Les duettistes en Skoda

On a dû rester cinq minutes montre en main à l’hôpital, le temps qu’on nous explique que Denis ne recevrait pas de visites, non non non, même de son employeuse, et qu’il serait bien qu’on lui rapporte avant la fin de la semaine ses affaires personnelles car il allait être transféré à Dole dans une maison de repos. L’accident de la route en lui-même n’avait pas été trop grave mais avait mis au jour un nervous breakdown comme dirait Henri[1] qu’il ne fallait pas traiter à la légère.


Henri était dépité, dé-pi-té, d’avoir à repartir avec son énorme panier de victuailles préparé avec amour pour son collègue.

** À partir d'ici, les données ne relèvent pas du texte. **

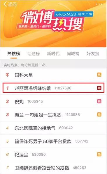 #赵丽颖冯绍峰结婚#话题搜索量达到 1183 万,甩开热搜第二 1000 多万。
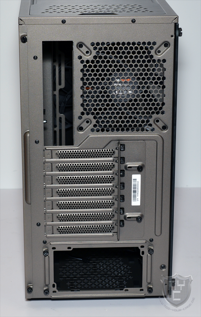 Mit einem Blick auf die Gehäuserückseite findet man neben dem Ausschnitt für das I/O-Shield einen weiteren Luftauslass vor. Der ebenfalls im Dreiecksdesign gehaltene Luftauslass wurde werksseitig schon mit einem Pure Wings 2 140-mm-Lüfter ausgestattet.
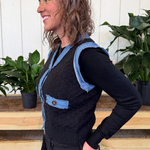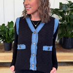 Denim Trim Knit Cardigan
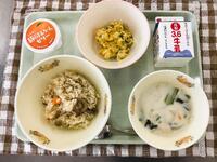 ☆五目炊き込みご飯☆牛乳☆やきつくね☆煮浸し☆味噌汁
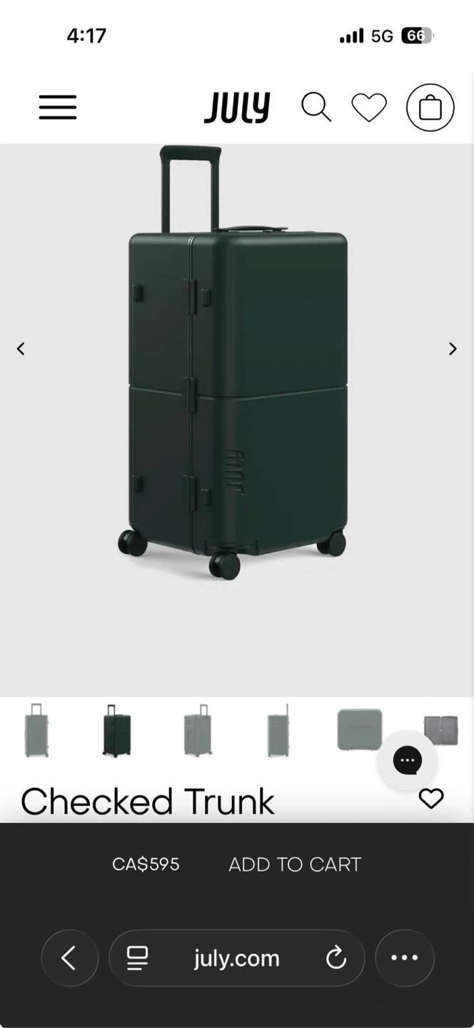 This is a July Checked Trunk luggage. It's designed for travel and features a durable build. Great for longer trips and carrying all your essentials!

Même la perspective de s’arrêter en route chez un caviste de leurs amis ne sembla pas le réjouir.

« T’es sûr que c’est une bonne idée ? », avait-il demandé à Gaston avec un coup d’œil fort peu discret dans ma direction.

En remontant dans la voiture je tentai de le rassurer. Il avait l’air tellement déçu de ne pas avoir pu offrir son cadeau en nourritures solides pour Denis que ça valait bien quelque rattrapage en liquides.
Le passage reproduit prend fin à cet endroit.